Personal information
- Full name: Douglas Heath Rowe
- Date of birth: 9 July 1909
- Place of birth: Nottingham, England
- Date of death: 6 May 1978 (aged 68)
- Place of death: Grimsby, England
- Height: 5 ft 9 in (1.75 m)
- Position: Outside left

Youth career
- Sneinton

Senior career*
- Years: Team / Apps / (Gls)
- 1932–1933: Luton Town / 23 / (8)
- 1933–1934: Lincoln City / 11 / (5)
- 1934: Southampton / 2 / (1)
- 1934–1935: US Tourcoing

= Doug Rowe (footballer) =

English footballer

Douglas Heath Rowe (6 July 1909 – 6 May 1978) was an English professional footballer who played as an outside forward for Luton Town, Lincoln City and Southampton in the 1930s.

==Football career==
Rowe was born in Nottingham and played his early football with the local Sneinton village side before joining Luton Town in March 1932. After a season with Luton in the Football League Third Division South, in which he made 23 appearances with eight goals, Rowe moved to Lincoln City of the Second Division.

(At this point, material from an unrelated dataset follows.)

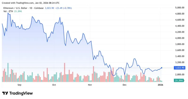 与此同时,以太坊目前交易价格约为3,024美元,显示出在经历多月急剧下滑后,初步稳定的迹象。图表显示,自9月高点超过4,500美元以来,出现明显下行趋势,11月的急剧下滑后,12月的反弹尝试也颇为波动。以太坊最近从接近2,800美元的低点反弹,但上涨动能依然不稳。
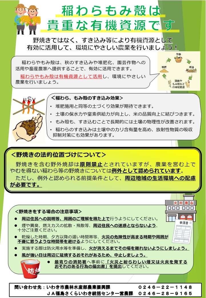 稲わらやもみ殻は、秋のすき込みや堆肥化、園芸作物への活用や畜産農家へ提供することで、有効に活用できます。 稲わらやもみ殻は有機資源として活用し、環境にやさしい農業を行いましょう! やむを得ず野焼きをする場合は次の注意事項を遵守して下さい。 ①周辺住民への説明等、周囲のご理解を得た上で行うようにしてください。 ②煙や異臭、燃えカスの拡散・飛散等、周辺住民への迷惑とならないようにしてください。 ③乾燥した時期、夕方以降の遅い時間帯等、火災の危険性が高まる時期や周囲が不審に思うような時間帯を避けてください。 ④実施する際は防火用水を準備し、火が消えるまでその場を離れないようにしましょう。 ⑤風が強い日は周辺に延焼するおそれがあるため、中止しましょう。 ⑥最寄りの消防署へ事前に「火災と紛らわしい煙又は火炎を発するおそれのある行為の届出書」を提出してください。 ※届出書様式は次の市HPアドレスよりダウンロードできます。 https://www.city.iwaki.lg.jp/www/contents/1725936027505/index.html

After a year with the "Imps", when he was used as understudy to Jack Wilkinson, Rowe had made eleven appearances at outside left scoring five goals.

In August 1934, he moved to the south coast to join Southampton. He played in two of the first three matches of the season, scoring in his second match, a 2–2 draw with Oldham Athletic, before he lost his place to Laurie Fishlock. Before long, Rowe requested a transfer and he moved to France to join US Tourcoing.

His time in France was brief, and by the following summer he had returned to England.

==Family and career outside football==
His brother, Bernard was a wrestler, who competed in the 1924 and 1928 Summer Olympics and won a silver medal at the 1934 Empire Games.

Doug himself was a top-class wrestler, winning the England Amateur Welterweight Championship, and also won prizes as a weight-lifter.